Norfolk Island is an island in Melanesia, administered as part of New South Wales in Australia. It is 1600 km (1000 mi) east of Sydney and Brisbane and 1000 km (620 mi) northwest of Auckland. It’s an ideal relaxation destination, with a range of accommodation and dining, beautiful vistas, history and reefs.
There are two settlements on the island:
- 1 Kingston— the historic settlement, convict ruins and beaches.
- 1 Burnt Pine— the commercial centre. Shopping and dining.
Although the distance between Burnt Pine and Kingston may look walkable on the map, it is a steep road with no footpath or lighting. Car is best.
There are a number of other small settlements on the island but residences and attractions are distributed around the island.
Captain Cook discovered and named the island after Lady Norfolk during his second voyage around the world. He observed the presence of the tall Norfolk Pine, that he thought would be suitable for ship’s masts, and flax that would be useful for sails.

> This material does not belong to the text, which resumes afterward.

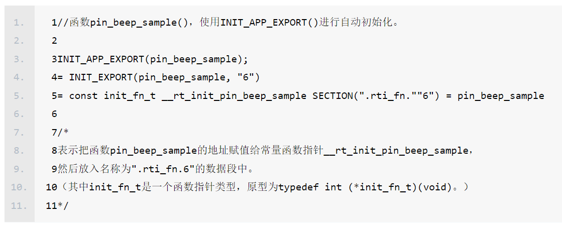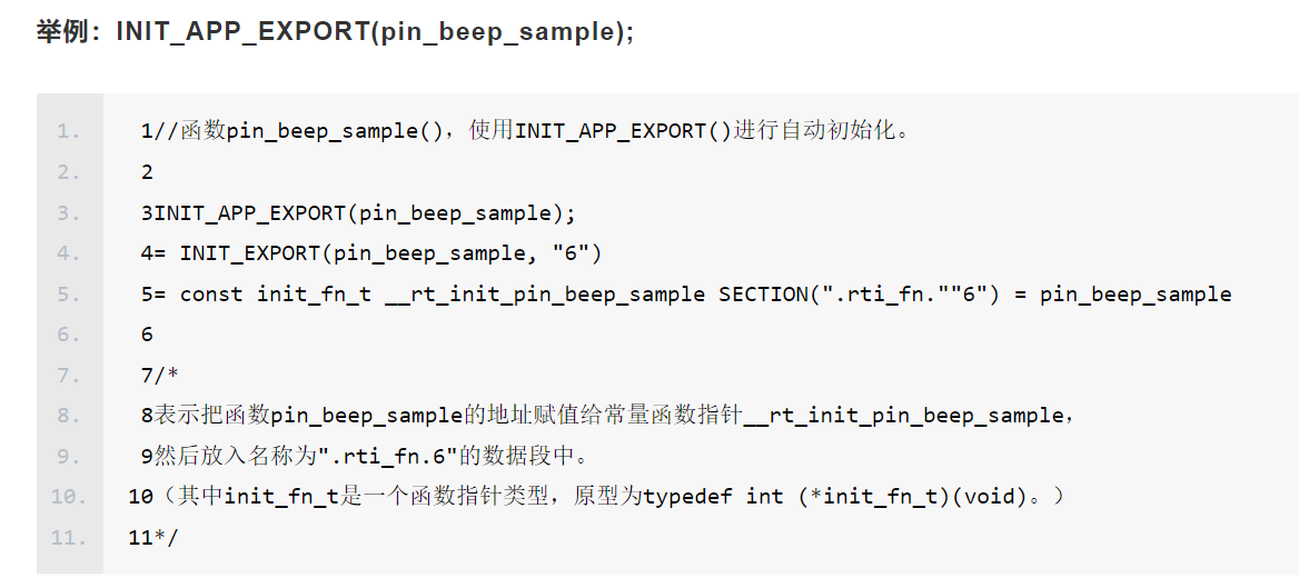 还是上面 INIT_APP_EXPORT(pin_beep_sample); 的例子。

The first settlement was established by the British a few months after their settlement in New South Wales in 1788. Some of the most capable men and women were sent from Sydney to the island, to exploit what Cook had observed. It was also hoped they could be a source of food and other supplies to the struggling settlers in Sydney town. None of these hopes were realised, and the colonists on Norfolk Island were also struggling to feed themselves. When the island was evacuated, nearly all of the structures were destroyed.
The second settlement was from 1825 to 1855. This time the settlement was made with a purely punitive function. Whereas the first settlement was made up of free settlers, convicts and military, and also had both genders, the second settlement was all male, and all convicts and military. Many of the military left their wives and children in Sydney while they served their time on Norfolk. Over 2000 convicts were housed on the island, more than the total present-day population. Substantial structures were built. Eventually the cost of running the colony was no longer justified, and the convicts were all transferred to Van Diemens Land and the colony evacuated.

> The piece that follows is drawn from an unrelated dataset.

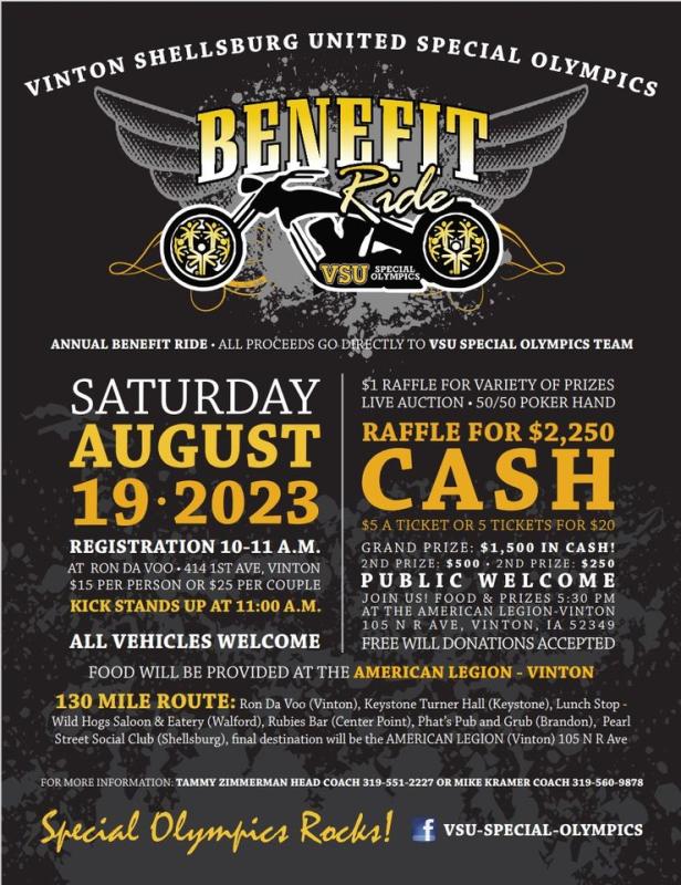 Mark your calendars for Saturday, August 19, 2023, for our annual benefit ride to support our local Vinton Shellsburg United Special Olympics Team!

The third settlement in 1856 was by former inhabitants of Pitcairn Island. The Pitcairn Islanders were descendants of the Bounty mutineers (Christian, Young, McCoy, Adams, Quintal) and the later Pitcariners (Buffett, Evans and Nobbs). Pitcairn Island was unable to support 200 inhabitants, and Queen Victoria offered them land grants on Norfolk Island with the convicts departing. The administrators of the island from the second settlement stayed long enough to show the Pitcairners the way of life on Norfolk, before they themselves left the island.
Although Norfolk Island has been a self-governing territory of Australia for much of its history, in 2016, the Australian government decided to reduce Norfolk Island’s autonomy and annex it to the state of New South Wales.
Later influences were from the American sealers, and migration from Australians and New Zealanders.